:: Work task ::
Return all the data exactly, keeping the pictures out.

(Source records)
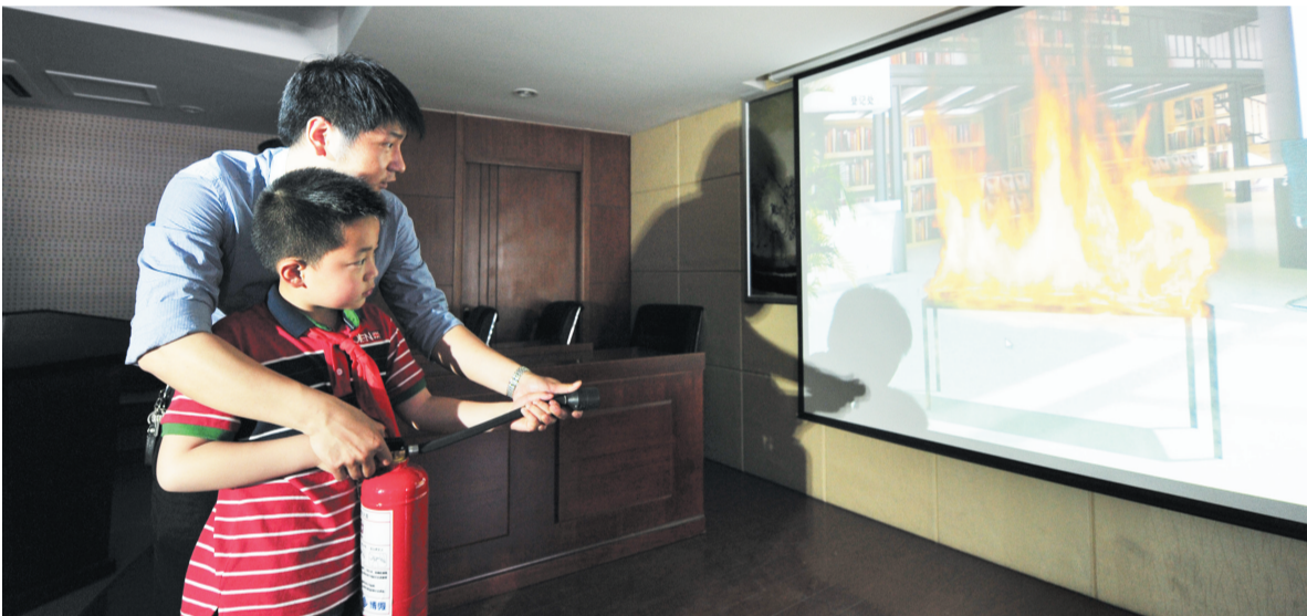
昨日下午,庐阳区三孝口街道杏花社区的“消防体验馆”首次开放,来自于淮河路第三小学的小学生们体验了一把灭火经历。“消防体验馆”是一处集消防器材设备展示、模拟演练、实地训练、消防培训等于一体的多功能综合性消防培训体验场所。从即日起,该体验馆正常工作日开放,社区居民可以参观体验学习。

作为省属大型国有旅游企业,安徽省旅游集团曾先后多次组织赴贫困老区“捐资助学、帮扶结对、送医送药”活动。“即将登场的5.19‘中国好人’公益旅游活动,是省旅游集团感恩回馈社会的一次升华,我们也愿意将这份正能量继续传递下去,继续给‘好人们’送旅游福利。”该集团负责人告诉记者。
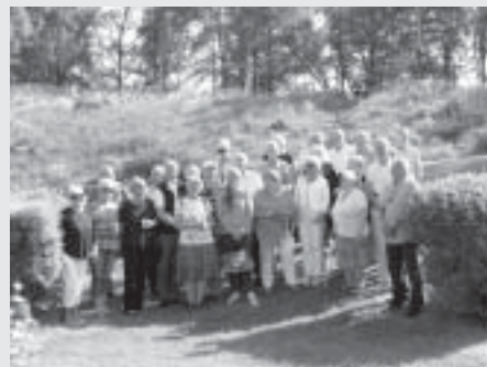
KA 2-kamrater möter våren.
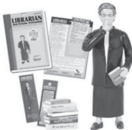
Librarian Action Figure

Kneal (2004) indica o anúncio da Figura 3 que apresenta a possibilidade de aquisição de um “boneco bibliotecário”. Mesmo considerando-se que essa boneca foi feita baseada em um profissional com essas características, sua possibilidade de mover os braços para fazer o sinal de silêncio igualmente reforça essa percepção de barreira que os usuários podem sentir em relação aos profissionais.

:: Result ::
昨日下午,庐阳区三孝口街道杏花社区的“消防体验馆”首次开放,来自于淮河路第三小学的小学生们体验了一把灭火经历。“消防体验馆”是一处集消防器材设备展示、模拟演练、实地训练、消防培训等于一体的多功能综合性消防培训体验场所。从即日起,该体验馆正常工作日开放,社区居民可以参观体验学习。

作为省属大型国有旅游企业,安徽省旅游集团曾先后多次组织赴贫困老区“捐资助学、帮扶结对、送医送药”活动。“即将登场的5.19‘中国好人’公益旅游活动,是省旅游集团感恩回馈社会的一次升华,我们也愿意将这份正能量继续传递下去,继续给‘好人们’送旅游福利。”该集团负责人告诉记者。
KA 2-kamrater möter våren.
Librarian Action Figure

Kneal (2004) indica o anúncio da Figura 3 que apresenta a possibilidade de aquisição de um “boneco bibliotecário”. Mesmo considerando-se que essa boneca foi feita baseada em um profissional com essas características, sua possibilidade de mover os braços para fazer o sinal de silêncio igualmente reforça essa percepção de barreira que os usuários podem sentir em relação aos profissionais.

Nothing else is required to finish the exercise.